いつ伝えるか
結論から言えば、方針が固まりかけた段階で早めにです。決まってから事後報告するより、相談の形で持ち込むほうが、はるかに協力を得やすくなります。
金融機関は融資先の事業継続に強い関心を持っています。承継の見通しが立たない先は、長期の設備資金を出しにくくなります。逆に、計画を示せる先には前向きです。
必ず聞かれる7つのこと
- 後継者は誰か。いつ交代するか
- その人の経歴と、現在どの業務を担っているか
- 株式をどう移すか。その資金と税金はどうするか
- 個人保証をどうするか
- 先代は退任後どう関わるか
- 承継後の事業計画(売上・利益・設備投資)
- 取引先や従業員への影響
3番目と4番目が、金融機関にとって最も直接的な関心事です。ここを曖昧にすると、話が前に進みません。
用意する資料
次の3点があれば、説明は十分に成立します。
- 事業承継計画書(A4で3〜5枚。年次スケジュール付き)
- 直近3期の決算書と試算表
- 設備の年表(導入年・更新見込み・想定金額)
特に3つ目は食品製造業で効きます。
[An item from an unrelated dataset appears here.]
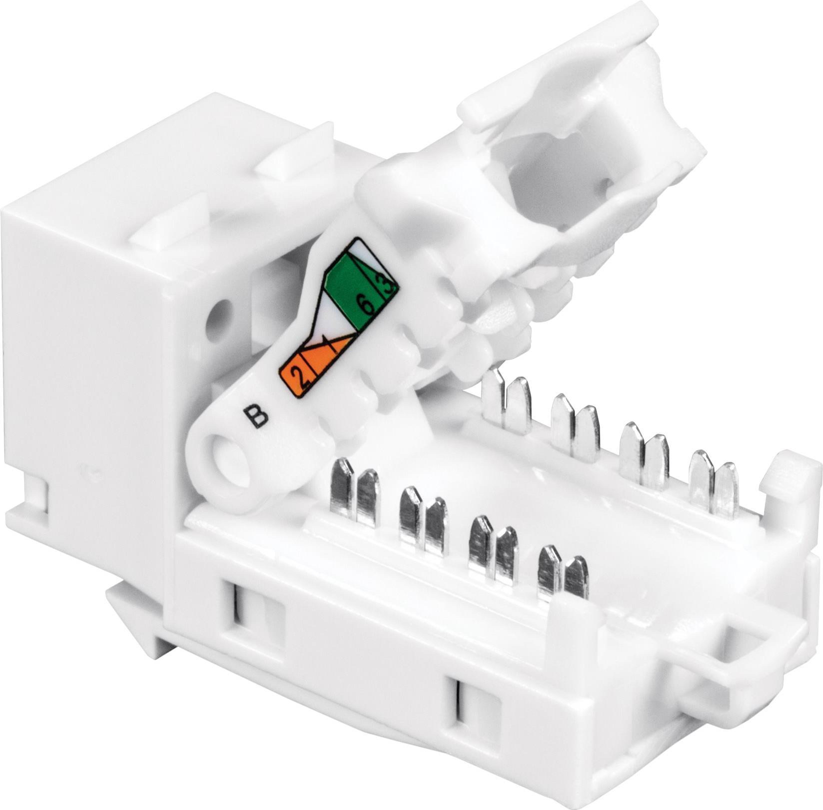 Der Cat6 Keystone-Buchsen 50-er Pack von TRENDnet, Modell TC-K50C6, enthält fünfzig Cat6 Keystone-Buchsen zur Verwendung mit dem leeren Keystone Patch Panel TC-KP24 von TRENDnet. Jede Keystone-Buchse bietet bis zu 10 Gbit/s Geschwindigkeiten über 55 m (180 Fuß) Cat6 Ethernet-Verkabelung. Diese Cat6 Keystone-Buchsen zeichnen sich durch ein praktisches, werkzeugloses Design mit Drahttrennung für einen einfachen Kabelanschluss aus.

設備投資の見通しが示されていると、金融機関は資金需要を予測でき、提案もしやすくなります。作り方は設備の寿命から逆算するを参照してください。
計画書の書き方は事業承継計画書の作り方にまとめました。
後継者を同席させる
説明の場には、必ず後継者を連れて行ってください。何度か同席すると、担当者との関係ができます。
順番としては、次のように立場を移していきます。
- 先代が説明し、後継者は同席する
- 後継者が数字を説明し、先代が補う
- 後継者が単独で対応する
金融機関から見て「決算の数字を自分の言葉で説明できる後継者」は、それだけで安心材料になります。
個人保証の協議
承継における最大の論点の1つです。先代の保証を外し、後継者が引き受けるかどうか。あるいは双方とも保証を求めない形にできるか。
ここでは経営者保証に関するガイドラインの考え方が重要になります。法人と個人の資産・経理が明確に分離されていること、財務基盤が十分であること、適時適切な情報開示がなされていること。これらの要件を満たすほど、保証を求めない扱いに近づきます。
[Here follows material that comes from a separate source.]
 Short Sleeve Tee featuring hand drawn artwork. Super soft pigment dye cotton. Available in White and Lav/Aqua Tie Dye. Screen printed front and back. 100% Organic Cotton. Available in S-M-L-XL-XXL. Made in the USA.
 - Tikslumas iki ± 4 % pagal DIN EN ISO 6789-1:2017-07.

要件を整えるには時間がかかるため、承継の数年前から準備するのが有効です。経営者保証に関するガイドラインの使い方と個人保証を外すにはをご覧ください。
M&Aを検討している場合
第三者への譲渡を検討している場合、金融機関への伝え方には注意が必要です。融資判断への影響を懸念される経営者もいらっしゃいます。
実務的には、具体的な相手が見えてから伝えるケースが多くなります。ただし、借入に関する契約に一定の事由が生じた場合の通知や承諾に関する定めがあることもあるため、契約内容の確認は早めに行ってください。
複数行と取引がある場合
メインバンクに先に伝え、その後に他行へ、という順番が一般的です。同時に伝えると、行間で温度差が生じたときに調整が難しくなります。
日頃の付き合い方は銀行との付き合い方にまとめています。
※ 融資・保証の取扱いは金融機関や個別の事情によって異なります。実行にあたっては、取引金融機関および専門家に必ずご確認ください。